Now, the crux of this is that this works for my relationships; it may not work for yours. All parties involved are happy with the setup I have; presumably, you're unhappy with what you have going on, or you wouldn't be asking for help. I guess I'm just trying to give you another point-of-view from which to approach this and a glimpse at another kind of sub that I don't see represented here often. Could your girl be coming at your dynamic from somewhere like this?

Hope my rambling is of some help. Good luck.
 
Well yeah, I wasn't about to suggest he threw all notion of agreed consent out the window and battered the bitch into minding her manners. :p
*I* knew you weren't suggesting that, but wanted to make sure *he* knew you weren't suggesting it. ;)
 
I don't know. Does this behavior HAVE to necessarily mean she's not a "real" submissive, as I think some people are suggesting? I consider myself submissive, but I tend to be a little bratty in order to push for consequences, which I think many of you call topping from the bottom, but it works for me in my D/s relationships. For us, it's just part of the game...when I'm pushed to a certain point of arousal through being dominated, the brattiness disappears completely and I become VERY submissive. The brattiness, for me, is almost like a guard I have up that masks my true submissive nature. And what I'm calling brattiness is really just banter between me and my partner that we both enjoy very much. It's just how we play. The "bratty" behavior is just verbal sparring that "baits" my partner to "punish" me by teasing me to the point that I completely and utterly submit. We both enjoy all aspects of this and I don't think it makes him any less dominant or me any less submissive. It's just a different dynamic.

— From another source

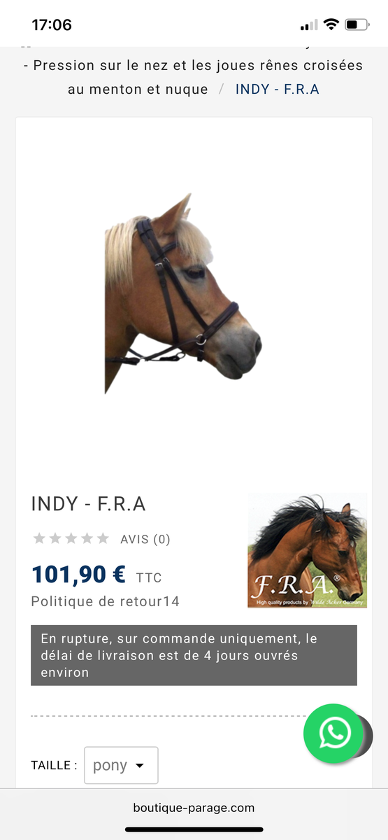 Article neuf, jamais utilisé il est trop petit pour ma jument.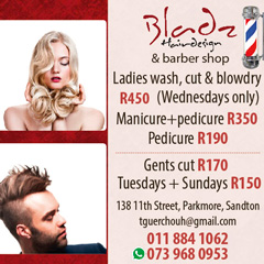 Ladies, let Jesse style your hair and for the gents, Tarik is the barber to go to. These are just two fantastic hair gurus Bladz in Parkmore has to offer. Leave all your winter hair woes in their hands this winter and step out looking your best!

I agree with you. It bothers me when brats are looked at like they aren't really submissive, or like their attitude has no redeeming features, or like, "it seems like she's a brat and not really submissive, why even bother with her?" Often "brats" are talked about like they couldn't possibly, actually be submissive when really they are just a different brand of submission than the obeying, servicing kind, and, as you say, work within a different dynamic. Not every submissive wants to serve, some people's submission takes a different flavor, and that absolutely does not mean that they are simply a masochist in disguise.

I've been described as being a brat by a few people including my boyfriend because I like to push back, I like to run away, I like to struggle against my bonds and be forced to suck his cock, rather than do it because OMG his cock is amazing and I just can't wait to get on that. Luckily enough, my bf likes brats. And you know what that means? It means that our dynamic is one that includes struggling and pushing rather than instant obeying. Its just different. My submission is more pet-like. I'm fickle, I like to be coaxed, pushed, pulled, but I'm also very eager and I want my person to be happy more than anything.

So. Yeah. I guess that maybe we need a "brat" thread the way we needed a "Doormat" thread. It really bothers me when I see it suggested that my dynamic must mean that I'm not really submissive, or actually masochistic, especially since I'm hardly masochistic at all!

But we've talked about this before. Like everything else. No need to re-hash it I guess.